Дворец в истории русской культуры. Опыт типологии - Лариса Никифорова
Шрифт:
Интервал:
Закладка:
Дома, рекламируемые как дворцы, представляют собой, скорее замки «нового Средневековья». Своими охраняемыми территориями, видеокамерами, входами по магнитной карте, системами автономной вентиляции, отопления, водоснабжения и т. д. они отгораживаются от города и мира. Никакие сплошные стеклянные фасады, «приветливые» балконы и даже смотровые площадки общего доступа, как обещано в «Триумф-паласе» ничего не меняют. Жилые «паласы» в еще недавно едином урбанизированном пространстве являются анклавами платежеспособной элиты, погруженной в стихию враждебной и пугающей массы. В каком-то смысле в современном жилом строительстве воспроизводится модель жизни в странах третьего мира, где за высокими заборами особняков и жилых комплексов для богатых, царит преступность, наркомания. Вместе с тем новые паласы можно расценивать как проекцию отношений между элитой и массой в культуре постмодернизма.

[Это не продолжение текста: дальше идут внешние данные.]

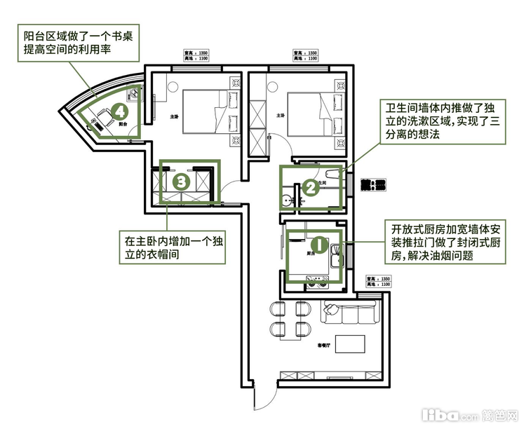 改造后:洗漱区外移,洗漱区外移,干区湿区完全分离互不打扰,主卧衣柜区域打造了一个独立的衣帽间
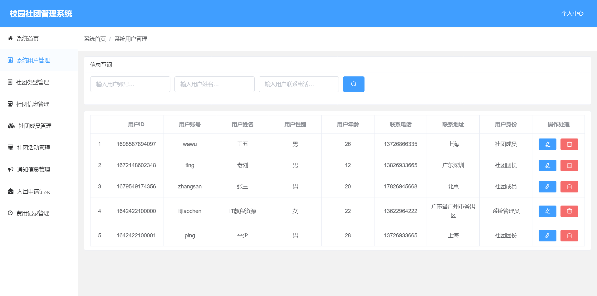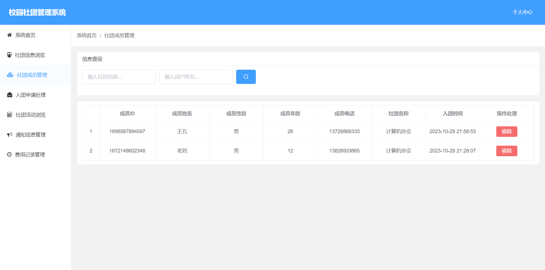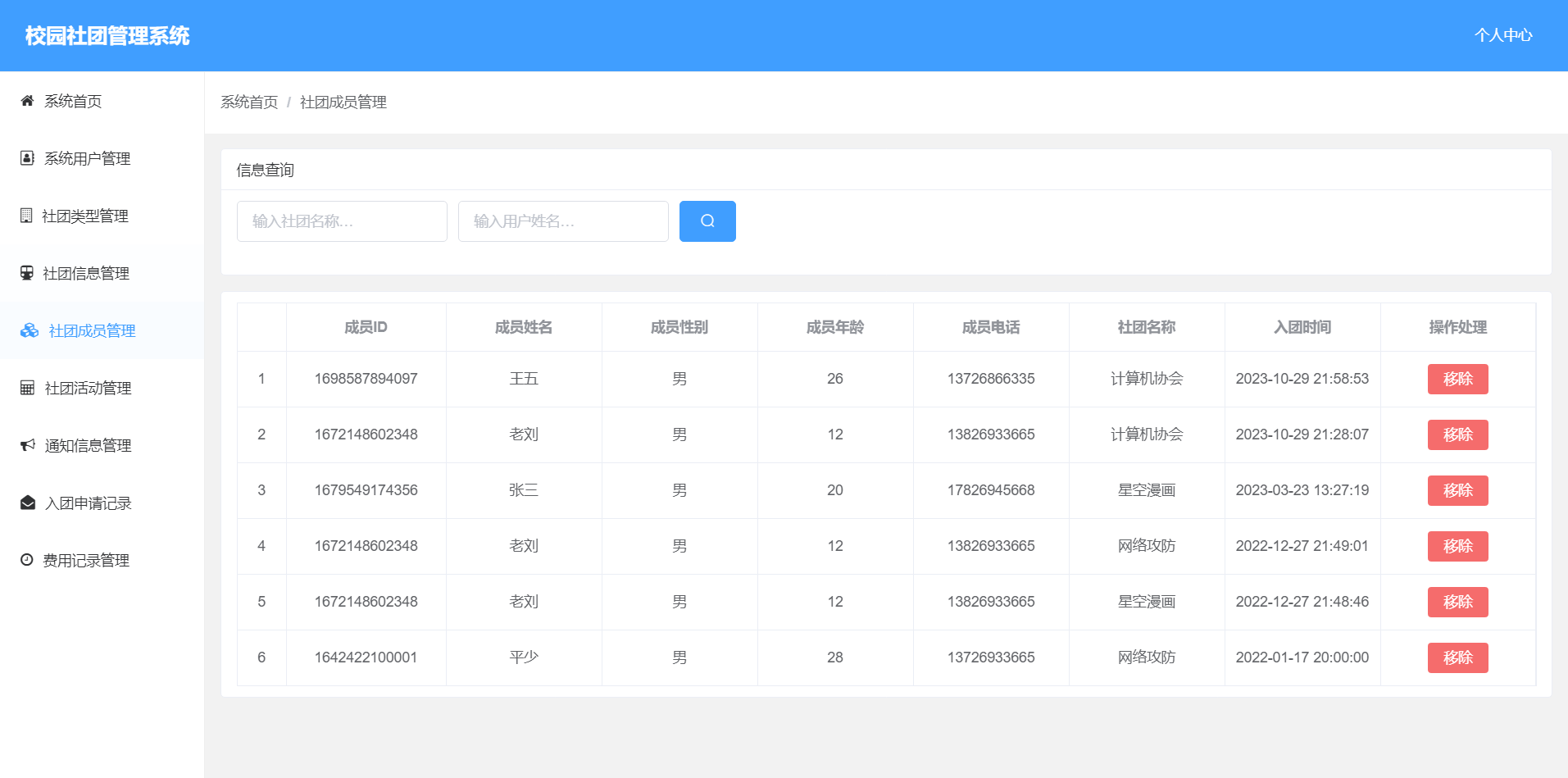 3.社团成员管理:实现对社团的成员查询和删除功能。

Константиновский дворец в Стрельне: Дворец Конгрессов как топос гражданского общества
Дворцы конгрессов появились в европейских странах в конце 1970-х– начале 1980-х годов. Конгресс как форма научного общения представляет собой одновременно организацию и самоорганизацию деятельности ученого сообщества. Дворцы конгрессов постулировали возможность международного общения, выстроенного в этой модели. Кроме того дворцы конгрессов должны были стать моделью гражданского общества, своеобразными центрами, или, как сказали в советские годы, фор-проектами «настоящей демократии», в которой преодолен отрыв народа-суверена от своих представителей, облеченных правом принятия решений. Гражданское общество, представленное многочисленными реальными группами и общностями, должно стать посредником между властью и человеком, каждым человеком.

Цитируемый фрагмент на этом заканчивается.